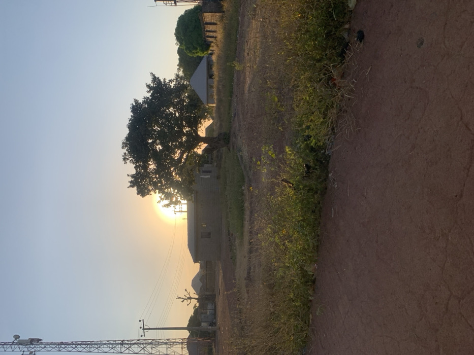 Sunset paints a rural scene. A large tree, silhouetted against the glowing sun, dominates the view. A simple building stands nearby. An unpaved road runs along the right, bordered by overgrown vegetation. A distant cluster of buildings and utility poles are visible under a clear, bright sky, contrasted by a communication tower to the bottom left.
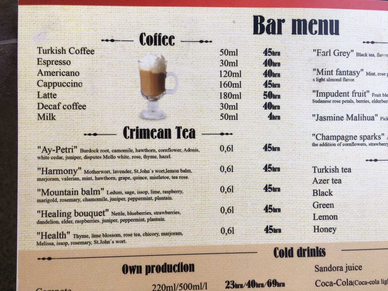このお店は独立広場のマクドナルド前という一等地にあり、アクセスは抜群。他にもキエフにはクリミア・タタール料理屋がいくつもあるので、食べ比べてみるのも良いと思います。- 旅行時期
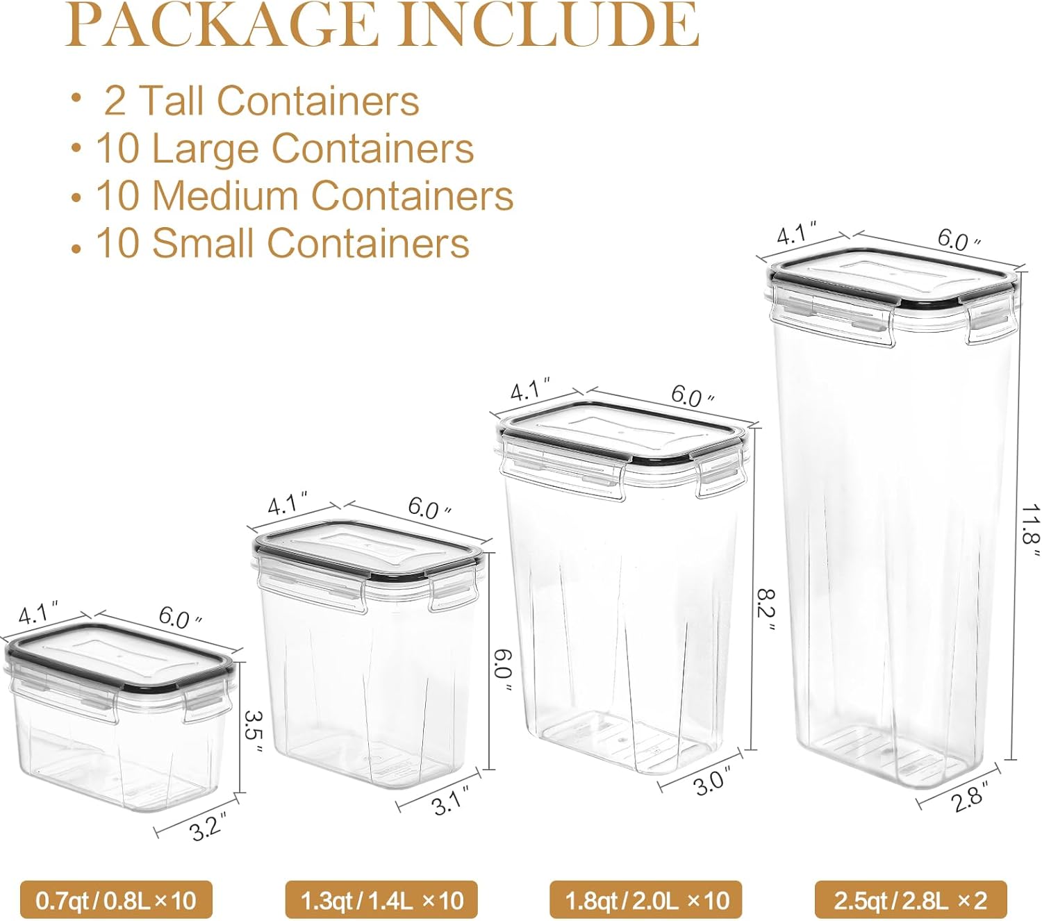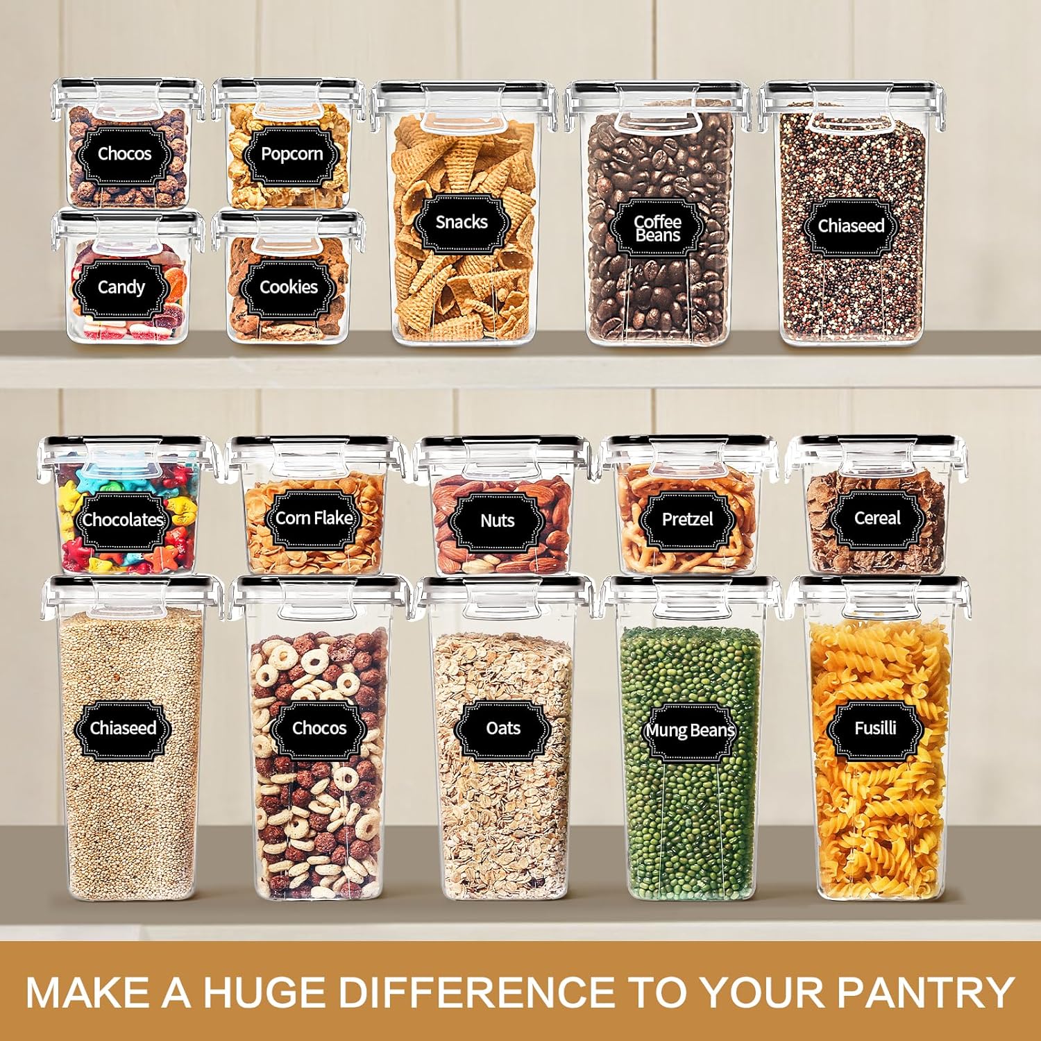 Skroam 32 PCS Airtight Food Storage Containers with Lids, Kitchen and Pantry Organizers and Storage, BPA Free, Plastic Food Storage Canisters for Flour, Sugar, and Cereal, Labels & Marker
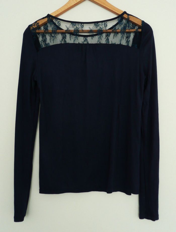 T shirt bleu marine a manches longues. Dentelle. Taille 38 - photo numéro 3
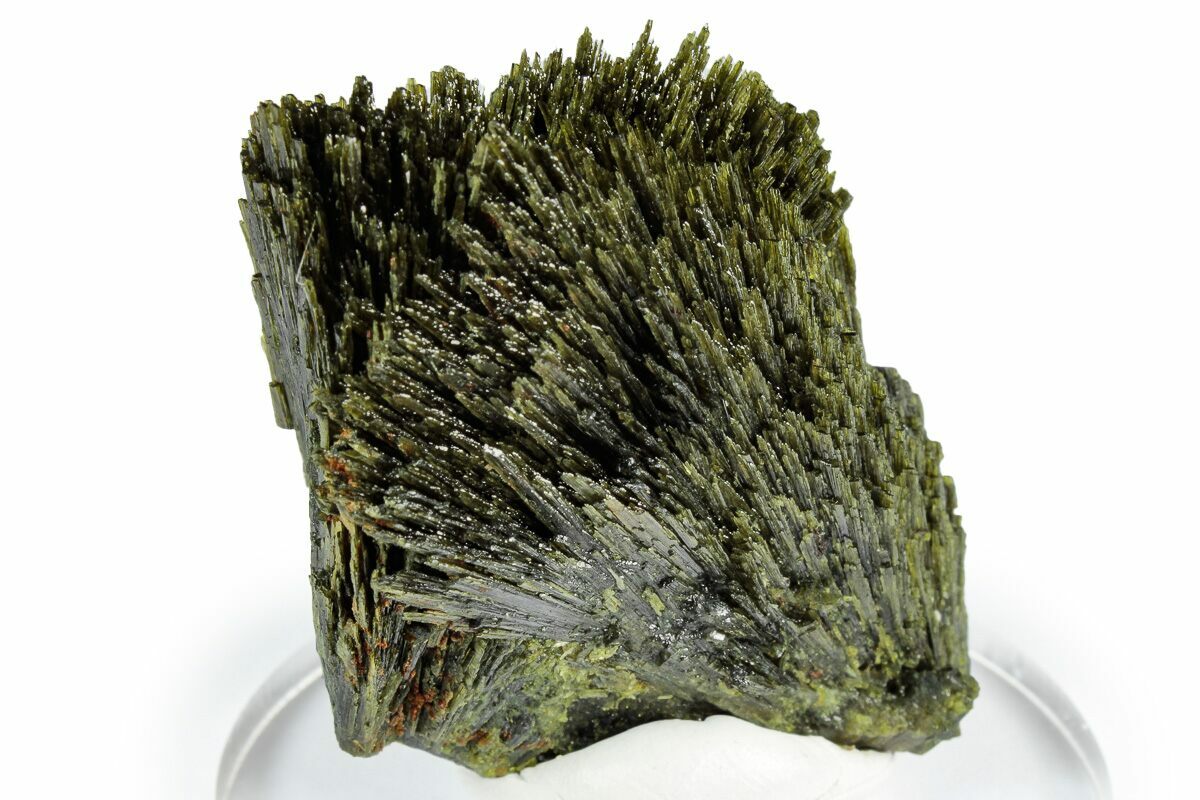 This is a gorgeous 2.2" tall epidote formation collected from the Huaura Province in Lima, Peru. It grew in a spray of needle crystals and has a rich olive-green color with a pearly luster.
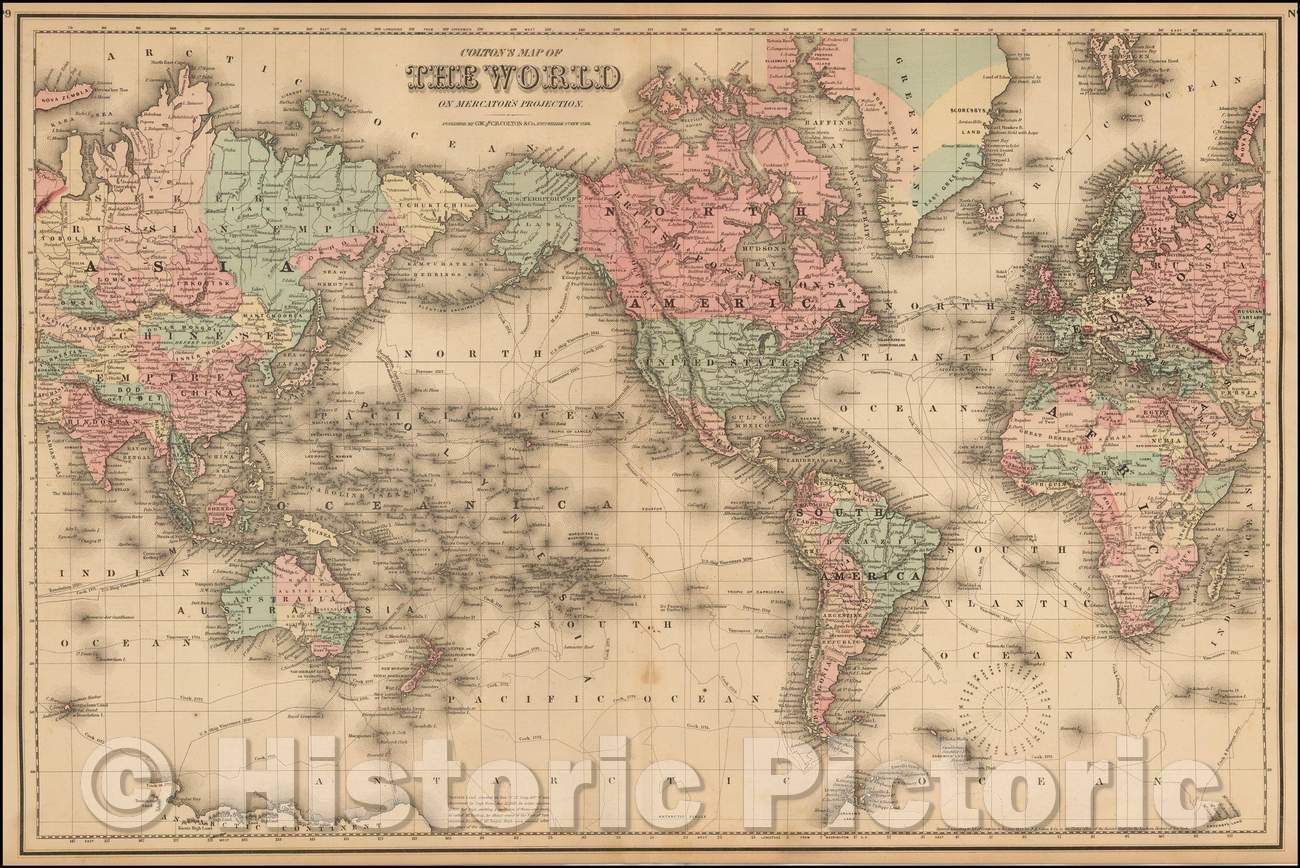 Historic Map - Colton's Map of the World on Mercator's Projection, 1872, Joseph Hutchins Colton v1
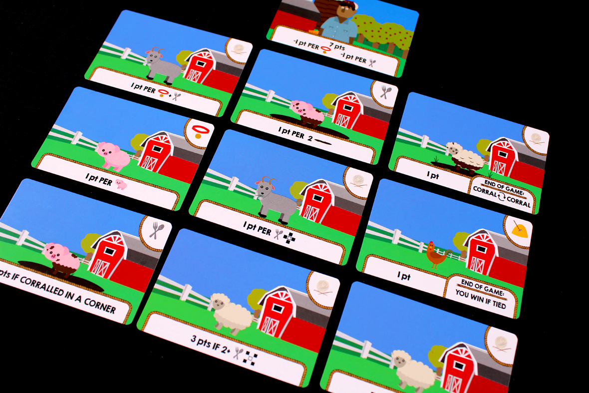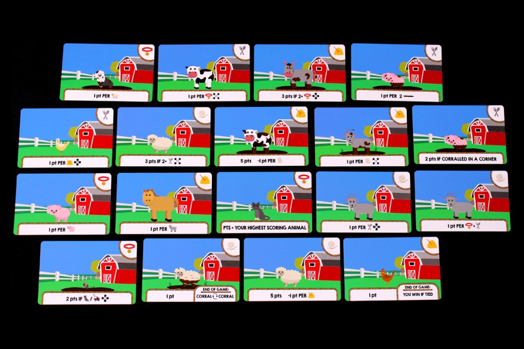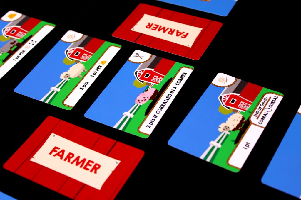 Once both players have a 3×3 corral, the game’s over! Activate any “End of Game” abilities, then total up your points (including your Farmer Cards, if applicable) and the player with more points wins!
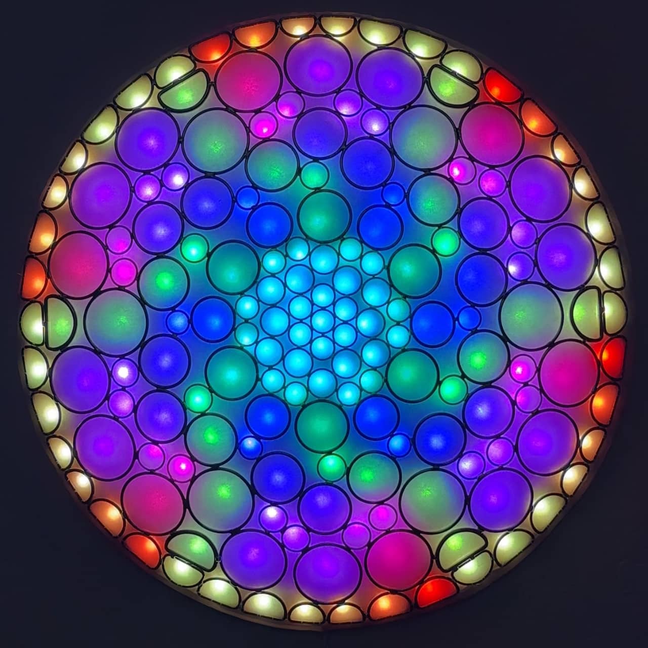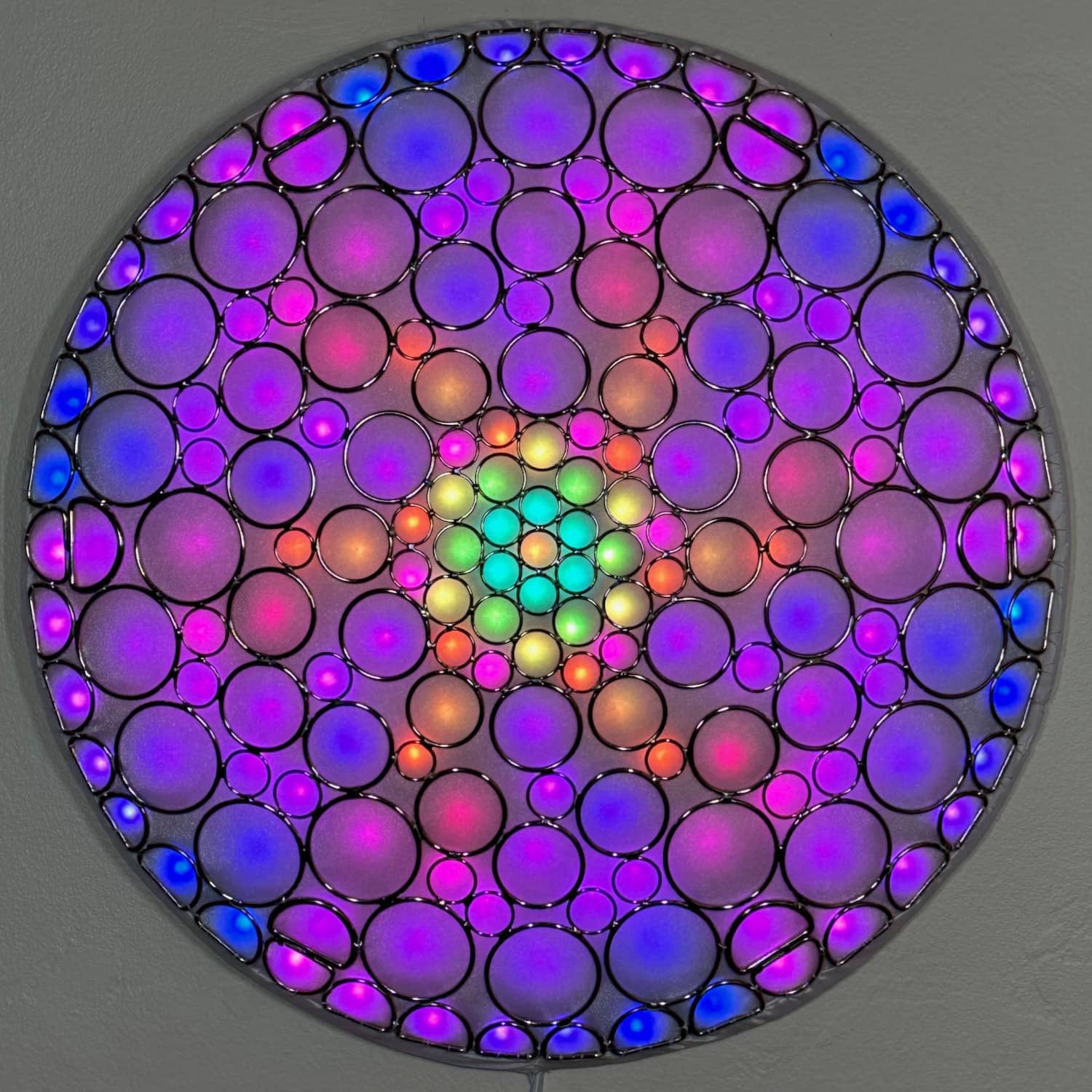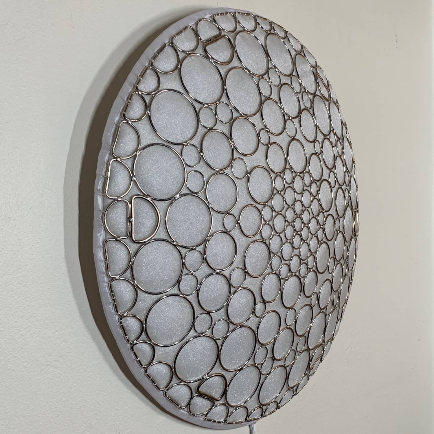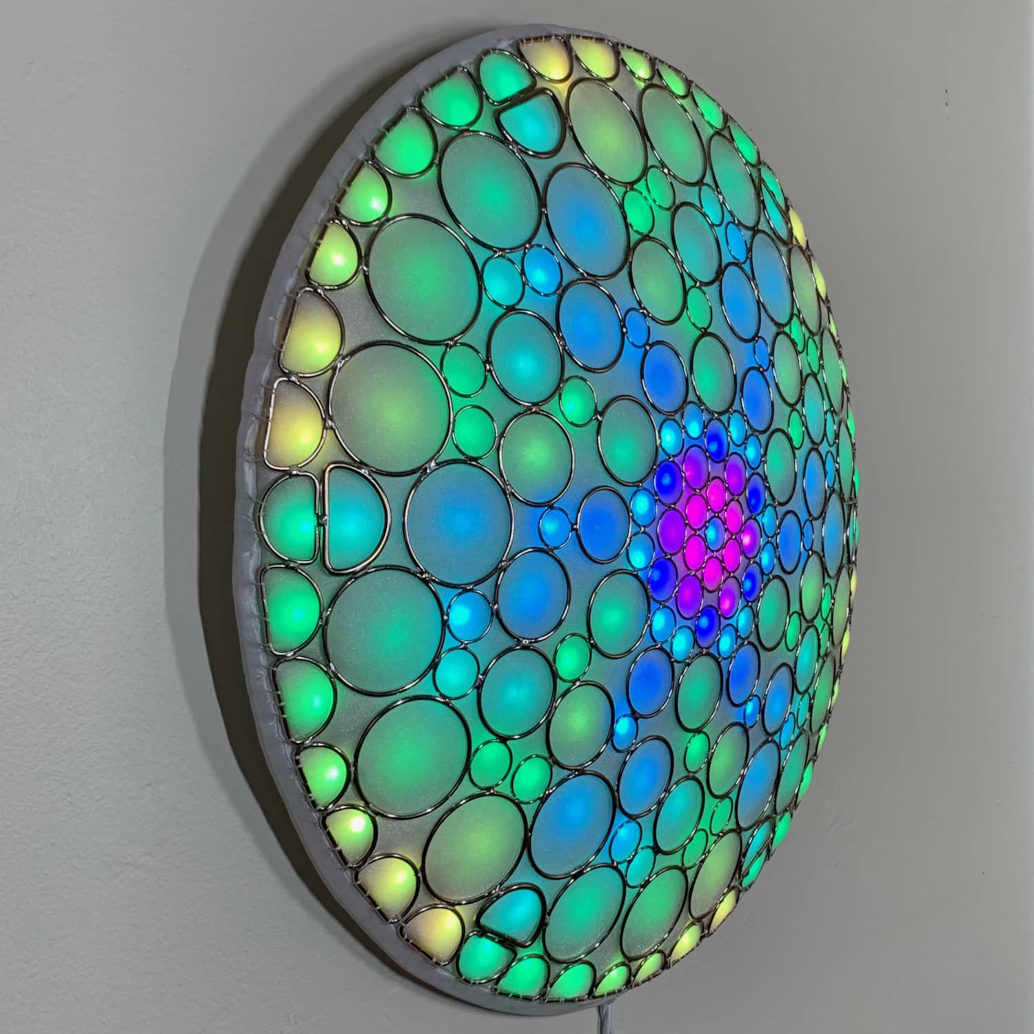 This is part of the Enlighted Rings series of wall-mounted mixed-media art with embedded RGB LEDs. The outermost layer is made with several sizes of silver-colored metal circles and D-rings that have been soldered into a shallow convex dome shape. A fabric diffusing layer is mounted behind the rings, and RGB LED pixels are mounted on an additional internal layer, with one LED aligned with the center of each ring. Some diffused light is also visible through the negative space between rings.

[What is required]
What you return must be every entry, word for word, without any pictures.

[Response to the exercise]
 Sunset paints a rural scene. A large tree, silhouetted against the glowing sun, dominates the view. A simple building stands nearby. An unpaved road runs along the right, bordered by overgrown vegetation. A distant cluster of buildings and utility poles are visible under a clear, bright sky, contrasted by a communication tower to the bottom left.
このお店は独立広場のマクドナルド前という一等地にあり、アクセスは抜群。他にもキエフにはクリミア・タタール料理屋がいくつもあるので、食べ比べてみるのも良いと思います。- 旅行時期
 Skroam 32 PCS Airtight Food Storage Containers with Lids, Kitchen and Pantry Organizers and Storage, BPA Free, Plastic Food Storage Canisters for Flour, Sugar, and Cereal, Labels & Marker
 T shirt bleu marine a manches longues. Dentelle. Taille 38 - photo numéro 3
 This is a gorgeous 2.2" tall epidote formation collected from the Huaura Province in Lima, Peru. It grew in a spray of needle crystals and has a rich olive-green color with a pearly luster.
 Historic Map - Colton's Map of the World on Mercator's Projection, 1872, Joseph Hutchins Colton v1
 Once both players have a 3×3 corral, the game’s over! Activate any “End of Game” abilities, then total up your points (including your Farmer Cards, if applicable) and the player with more points wins!
 This is part of the Enlighted Rings series of wall-mounted mixed-media art with embedded RGB LEDs. The outermost layer is made with several sizes of silver-colored metal circles and D-rings that have been soldered into a shallow convex dome shape. A fabric diffusing layer is mounted behind the rings, and RGB LED pixels are mounted on an additional internal layer, with one LED aligned with the center of each ring. Some diffused light is also visible through the negative space between rings.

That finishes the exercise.